– Сняли все? – спросил Лузгин у репортера Мальцева. – Тогда в машину и рысью в город. Я выскочу у мэрии, минут на тридцать, так что без меня монтаж не начинай, – Мальцев смолчал, но смотрел недовольно, и Лузгин решил, что следует парнишку стимульнуть. – А ты молодец, дружище, – сказал он, стараясь, чтобы голос прозвучал без покровительства. – Хватка есть, остальное приложится... Сам начитываться будешь?
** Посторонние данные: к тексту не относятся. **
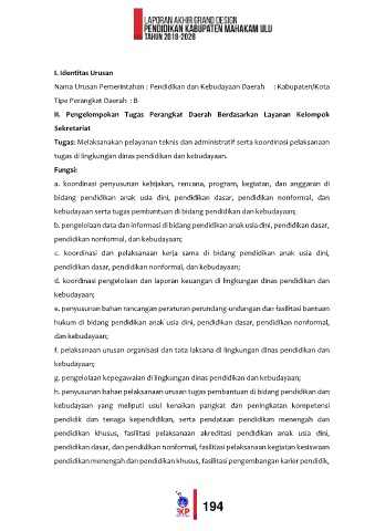II. Pengelompokan Tugas Perangkat Daerah Berdasarkan Layanan Kelompok
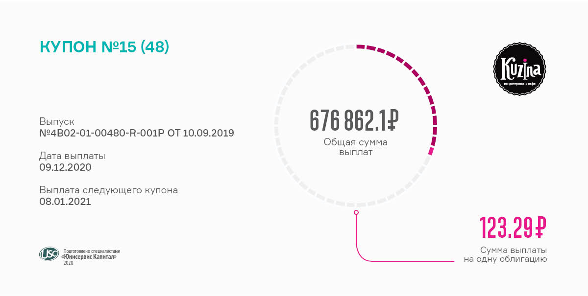 Доход инвесторов начисляется по ставке 15% годовых. Ежемесячные выплаты составляют 676 862,10 руб. за весь выпуск и 123,29 руб. в пересчете на одну облигацию номиналом 10 тыс. руб.

– Сам, – гордо буркнул Мальцев.
– Ну и правильно. Заслужил.
Четыре лестничных пролета в мэрии он проскочил единым махом, немного сбавил скорость в коридоре, степенно прошествовал через приемную и боком, толкаясь с тугими дверями, проник в кабинет Слесаренко.
Диспозиция сидящих за столом в точности повторяла полуденную, не было лишь депутата Харитонова. «Разжился бензинчиком», – подумал Лузгин. Слесаренко с Вайнбергом, сблизив головы, читали какую-то печатную бумагу, остальные молчали, Зырянов курил.
– Есть новости, – сказал Лузгин, присаживаясь с краю.
– Минуточку, – произнес Слесаренко, не отрываясь от бумаги.
– Уренгойский прошел.
– Что? – ахнул Зырянов и навалился грудью на стол, чтобы лучше видеть Лузгина.
– Пикетчики пропустили пассажирский поезд.
– Неправда, быть не может! – Зырянов швырнул сигарету в пепельницу, не затушив, и Слесаренко с плохо скрытой брезгливостью взял ее двумя пальцами и принялся тыкать в хрустальное донышко, пока дым не исчез.
– Без эксцессов? – спросил полковник Савич.
– Вербальная драка, – ответил Лузгин. Глаза у Савича полезли на лоб, пришлось добавить быстренько: – Сражались на словах. Физических контактов не было.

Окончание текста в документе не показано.